[Entries taken from a collection]
"""

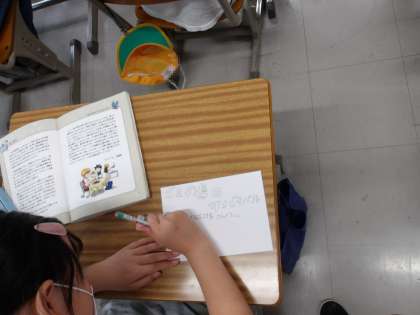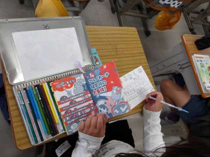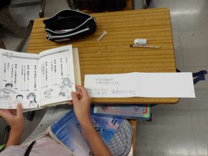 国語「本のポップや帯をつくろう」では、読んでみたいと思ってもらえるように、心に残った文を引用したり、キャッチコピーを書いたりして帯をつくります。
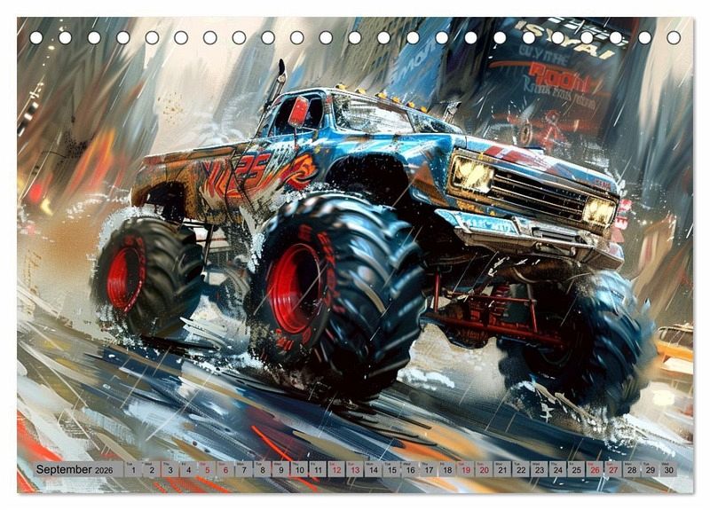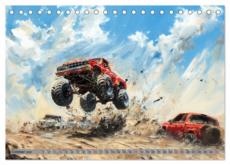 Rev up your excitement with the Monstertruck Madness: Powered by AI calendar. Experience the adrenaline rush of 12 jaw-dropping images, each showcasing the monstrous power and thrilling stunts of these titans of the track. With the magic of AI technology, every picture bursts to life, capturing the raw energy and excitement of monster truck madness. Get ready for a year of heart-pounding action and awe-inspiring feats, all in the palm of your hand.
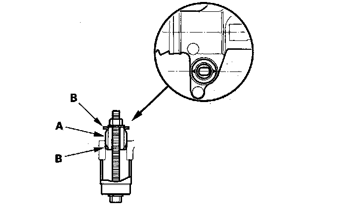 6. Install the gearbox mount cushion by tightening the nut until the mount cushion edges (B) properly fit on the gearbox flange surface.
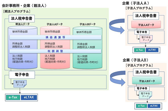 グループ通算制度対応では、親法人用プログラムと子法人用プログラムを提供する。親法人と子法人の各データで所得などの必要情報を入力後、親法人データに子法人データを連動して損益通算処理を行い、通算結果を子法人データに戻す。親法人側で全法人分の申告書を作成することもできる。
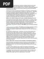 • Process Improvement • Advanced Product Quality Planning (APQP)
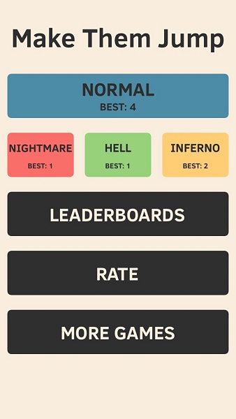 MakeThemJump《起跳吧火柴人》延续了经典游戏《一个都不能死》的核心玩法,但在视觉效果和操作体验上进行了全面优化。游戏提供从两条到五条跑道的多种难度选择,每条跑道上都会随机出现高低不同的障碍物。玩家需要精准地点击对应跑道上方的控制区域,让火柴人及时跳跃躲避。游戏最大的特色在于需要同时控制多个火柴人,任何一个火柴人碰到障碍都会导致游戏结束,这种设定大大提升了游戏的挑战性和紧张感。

"""

For this exercise, transcribe exactly the part of the records above that opens with the line containing "Rev up your" and closes with the one containing "Quality Planning (APQP)". Pictures are not part of the copy.

 Rev up your excitement with the Monstertruck Madness: Powered by AI calendar. Experience the adrenaline rush of 12 jaw-dropping images, each showcasing the monstrous power and thrilling stunts of these titans of the track. With the magic of AI technology, every picture bursts to life, capturing the raw energy and excitement of monster truck madness. Get ready for a year of heart-pounding action and awe-inspiring feats, all in the palm of your hand.
 6. Install the gearbox mount cushion by tightening the nut until the mount cushion edges (B) properly fit on the gearbox flange surface.
 グループ通算制度対応では、親法人用プログラムと子法人用プログラムを提供する。親法人と子法人の各データで所得などの必要情報を入力後、親法人データに子法人データを連動して損益通算処理を行い、通算結果を子法人データに戻す。親法人側で全法人分の申告書を作成することもできる。
 • Process Improvement • Advanced Product Quality Planning (APQP)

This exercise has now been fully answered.